Word for word, transcribe the lines below and drop the pictures.

_Input data_.
•••

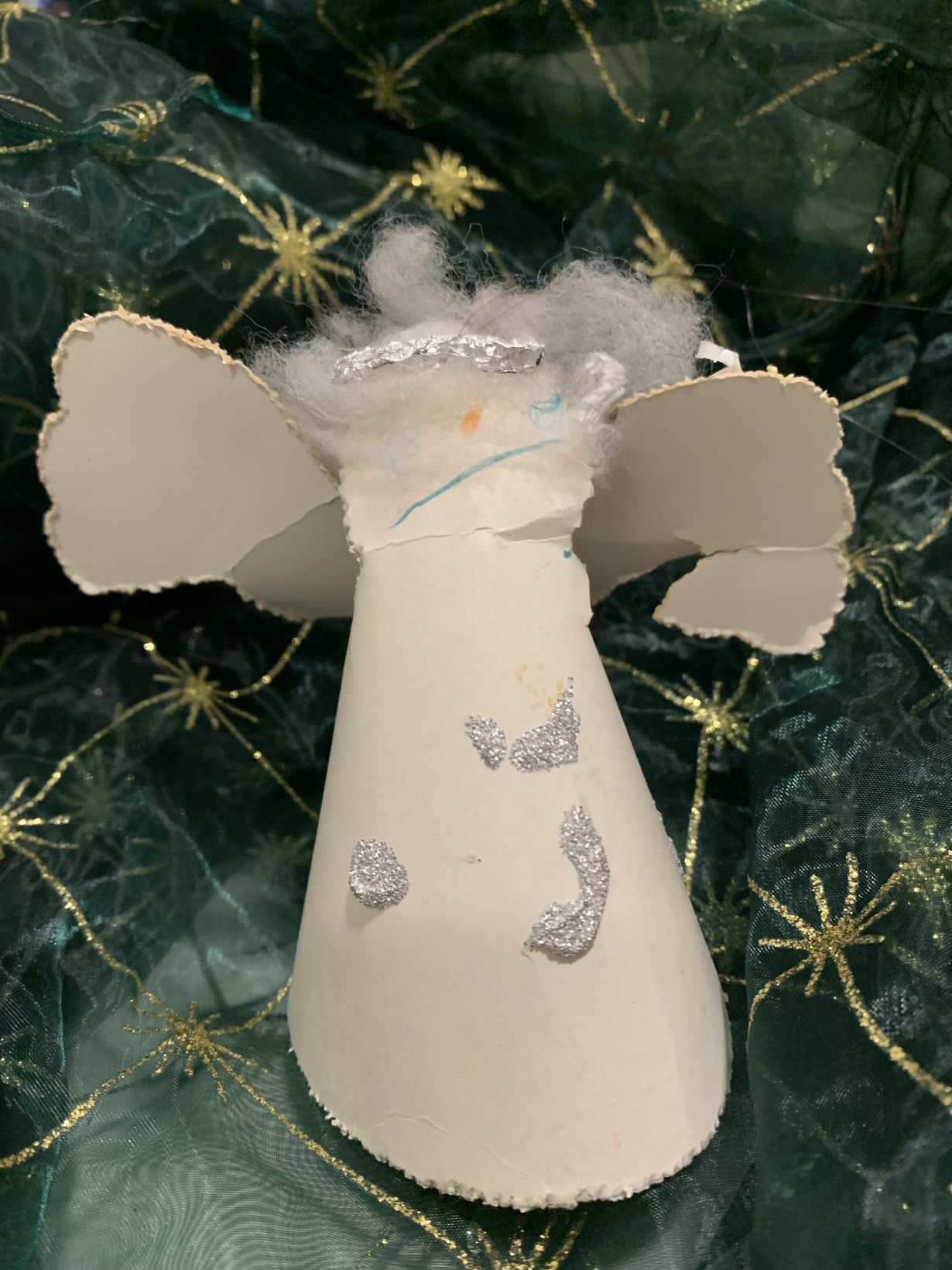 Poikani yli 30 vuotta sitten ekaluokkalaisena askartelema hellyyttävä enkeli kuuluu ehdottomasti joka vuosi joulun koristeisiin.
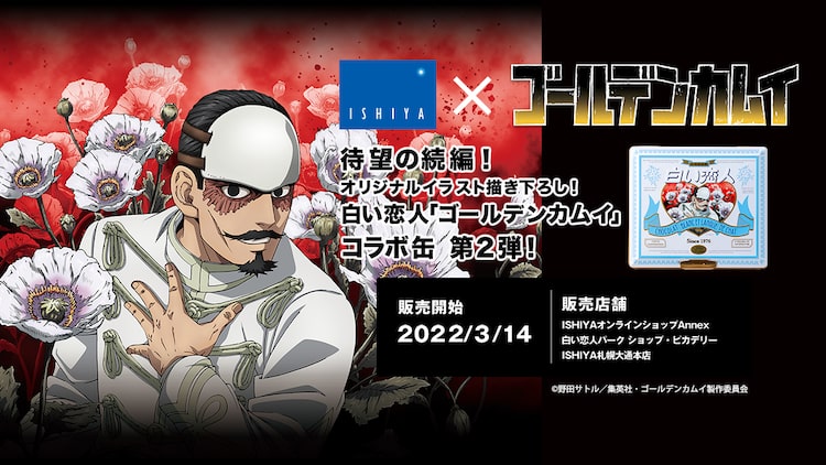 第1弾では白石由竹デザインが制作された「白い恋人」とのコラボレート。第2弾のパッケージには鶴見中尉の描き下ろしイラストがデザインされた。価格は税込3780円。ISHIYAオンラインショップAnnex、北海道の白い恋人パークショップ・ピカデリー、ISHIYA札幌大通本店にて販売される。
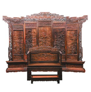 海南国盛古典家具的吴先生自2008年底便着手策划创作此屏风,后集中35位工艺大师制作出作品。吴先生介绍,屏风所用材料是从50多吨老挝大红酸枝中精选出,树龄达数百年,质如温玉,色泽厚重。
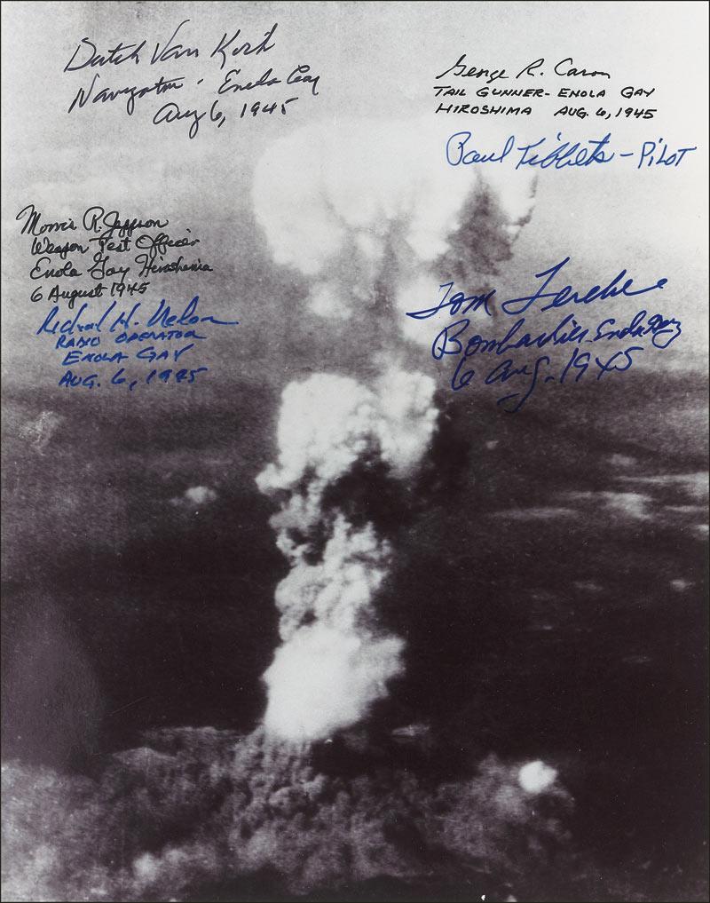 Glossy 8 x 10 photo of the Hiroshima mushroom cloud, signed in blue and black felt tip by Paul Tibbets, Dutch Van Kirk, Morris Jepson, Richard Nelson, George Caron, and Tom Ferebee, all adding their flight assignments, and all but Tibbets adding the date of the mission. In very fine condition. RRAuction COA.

•••

_Exercise response_.
 Poikani yli 30 vuotta sitten ekaluokkalaisena askartelema hellyyttävä enkeli kuuluu ehdottomasti joka vuosi joulun koristeisiin.
 第1弾では白石由竹デザインが制作された「白い恋人」とのコラボレート。第2弾のパッケージには鶴見中尉の描き下ろしイラストがデザインされた。価格は税込3780円。ISHIYAオンラインショップAnnex、北海道の白い恋人パークショップ・ピカデリー、ISHIYA札幌大通本店にて販売される。
 海南国盛古典家具的吴先生自2008年底便着手策划创作此屏风,后集中35位工艺大师制作出作品。吴先生介绍,屏风所用材料是从50多吨老挝大红酸枝中精选出,树龄达数百年,质如温玉,色泽厚重。
 Glossy 8 x 10 photo of the Hiroshima mushroom cloud, signed in blue and black felt tip by Paul Tibbets, Dutch Van Kirk, Morris Jepson, Richard Nelson, George Caron, and Tom Ferebee, all adding their flight assignments, and all but Tibbets adding the date of the mission. In very fine condition. RRAuction COA.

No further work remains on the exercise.